Coniella

Scientific classification
- Kingdom: Fungi
- Division: Ascomycota
- Class: Sordariomycetes
- Order: Diaporthales
- Family: Schizoparmeaceae
- Genus: Coniella Höhnel, 1918
- Species: Coniella australiensis; Coniella castaneicola; Coniella citri; Coniella clypeata; Coniella costae; Coniella cupressacearum; Coniella delicata; Coniella diplodiella; Coniella duckerae; Coniella eucalypti; Coniella eucalypticola; Coniella fragariae; Coniella fusiformis; Coniella genistae; Coniella granati; Coniella macrospora; Coniella miniata; Coniella minima; Coniella musaiaensis; Coniella musaiensis; Coniella oryzae; Coniella petrakii; Coniella petrakioidea; Coniella populina; Coniella pulchella; Coniella simba; Coniella terminaliae;

= Coniella =

Genus of fungi

Coniella is a fungus genus in the family Schizoparmeaceae (or Schizoparmaceae), which contains 65 species recorded in the database Mycobank. This genus Coniella are reported as a typical plant pathogenic fungi for grape, eucalyptus and several plant. It mainly found in Europe, Asian, also South Africa. less report in American, only one paper published new spaces founded.

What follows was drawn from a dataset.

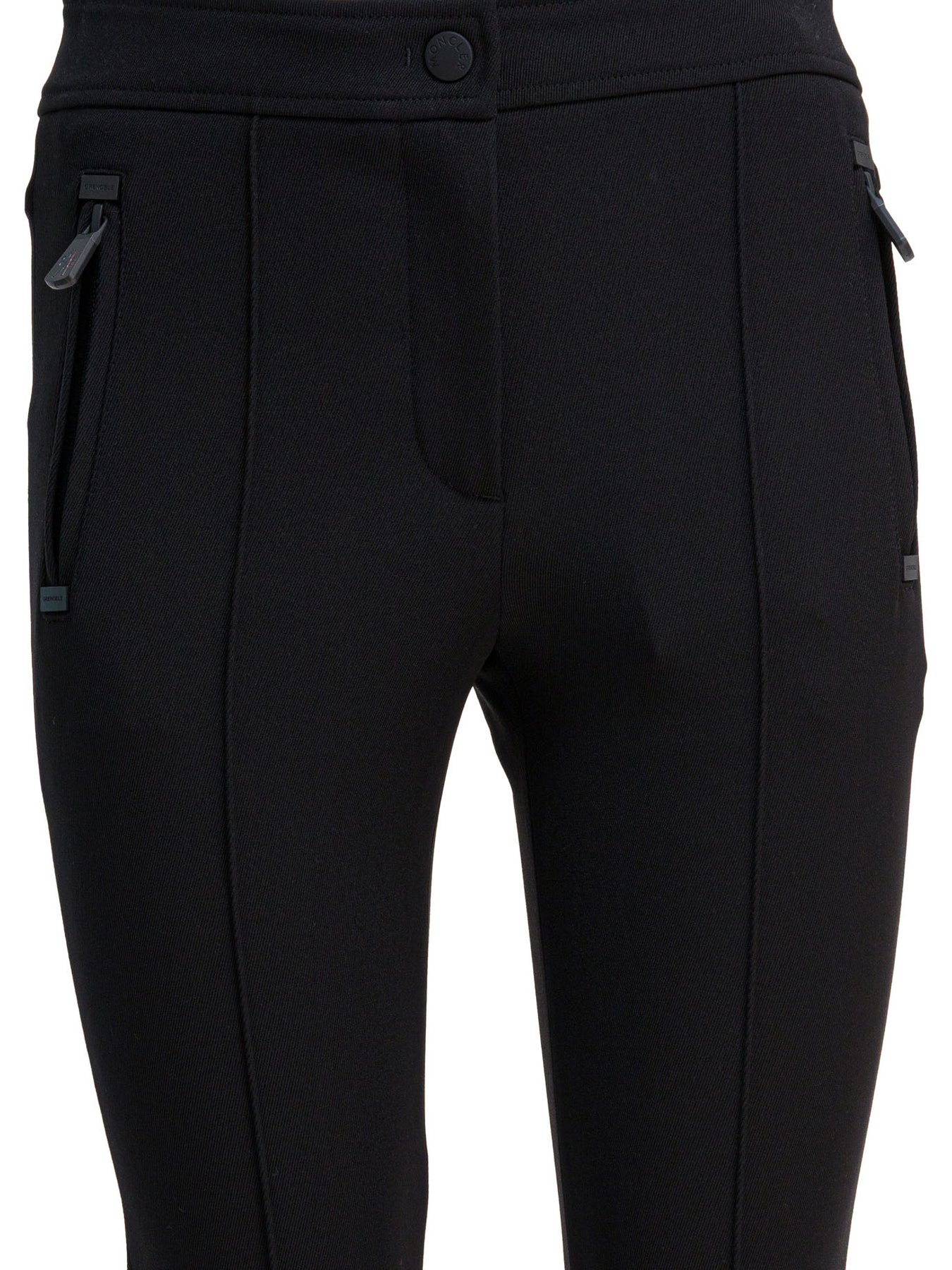 Moncler Grenoble nylon pants with a mid-rise and straight construction. Nylon main fabric articulated with viscose fibers and elastane for flexibility. Basic silhouette incorporates a front zipper and snap-button closure. Zippered side pockets at the front and raised back at the bottom waist complete the structure. Embroidered logo detail on the back. || - Embroidered logo on the back - Mid-rise waist - Front zippered side pockets - Front zipper and snap button closure - Raised back at the bottom of the waist - Slim fit

The first fungus belonging to Coniella genus was Coniella pulchella, established by Von Hoehnel in 1918. (Von H.hnel 1918) Alvarez, regarded genera Pilidiella and Schizoparme together with Coniella as synonyms. (Alvarez, Groenewald et al. 2016) As typical plant pathogenic fungi and due to globalization, Coniella occur worldwide as plant pathogens. Coniella vitis and Coniella diplodiella are two common pathogens that cause white rot disease in grapevines. Coniella granati induces crown rot and fruit rot in pomegranates in Central Asia. In northern Australia, several species of Coniella have been reported to cause foliage blight on eucalyptus trees. Several Coniella fungi from South Africa are harmful for grapevine cultivation. In 2015, Coniella fragariae was reported as the causal agent for strawberry crown rot in Latvia. Fewer reports about Coniella come from north and south America, but Coniella lustricola was isolated as a new species from submerged detritus in Black Moshannon State Park in Pennsylvania, USA. Considerable research on this genus of fungi has been published in the field of agriculture and biology but there are far few reports about the secondary metabolites of Coniella. In the chemical constitution study, two paper reported azaphilone are the main metabolites.